• [TASK]:
In the listing below, find the line containing "1505EMS EMS Accessory" and the line containing "のもので、口縁部にとぐろを巻", then copy exactly everything from the first through the second, except the pictures.

• [RECORDS SHOWN]:

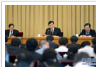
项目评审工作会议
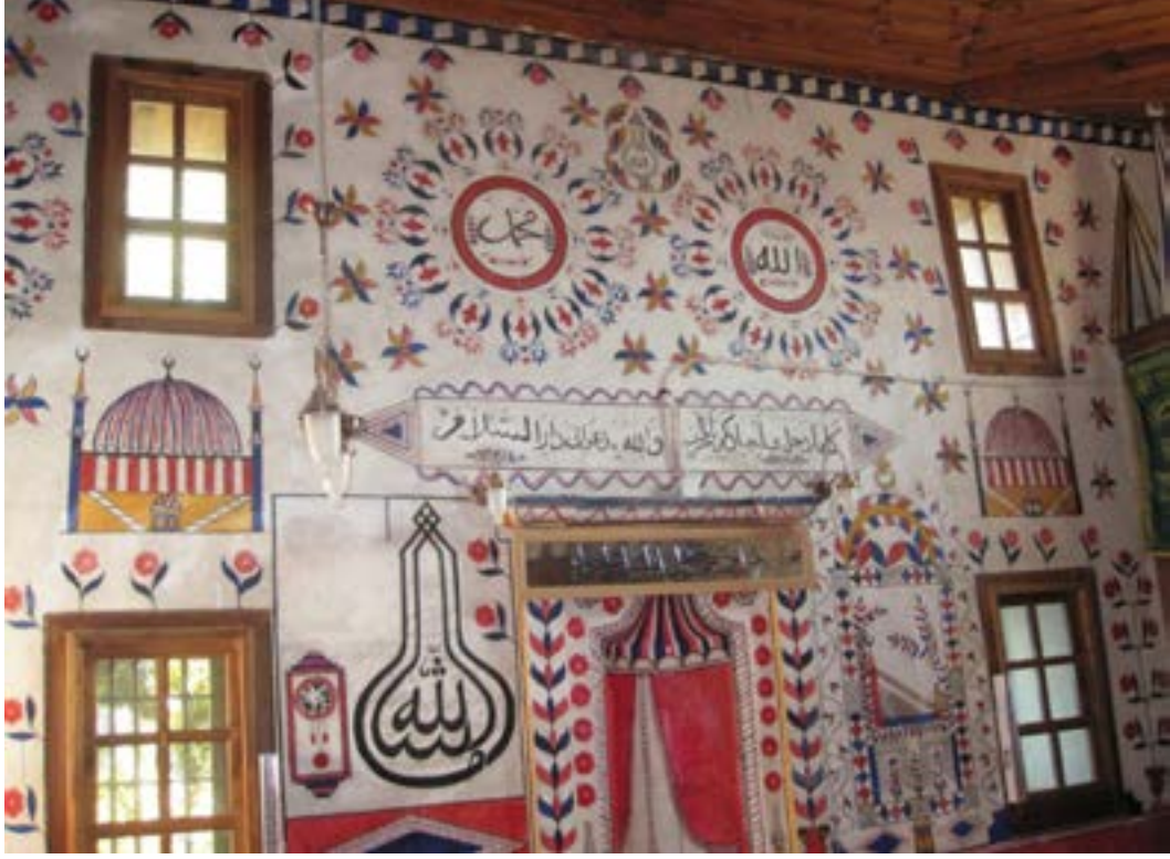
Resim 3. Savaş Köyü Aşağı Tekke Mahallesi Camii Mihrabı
...
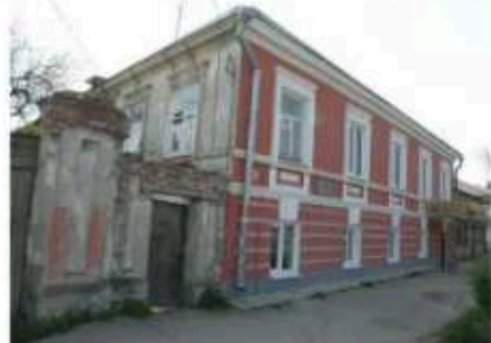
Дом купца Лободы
==
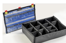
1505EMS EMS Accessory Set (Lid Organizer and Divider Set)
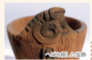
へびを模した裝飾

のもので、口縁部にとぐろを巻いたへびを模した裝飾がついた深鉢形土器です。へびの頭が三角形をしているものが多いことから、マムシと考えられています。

• [RESULT FOR THIS TASK]:
1505EMS EMS Accessory Set (Lid Organizer and Divider Set)
へびを模した裝飾

のもので、口縁部にとぐろを巻いたへびを模した裝飾がついた深鉢形土器です。へびの頭が三角形をしているものが多いことから、マムシと考えられています。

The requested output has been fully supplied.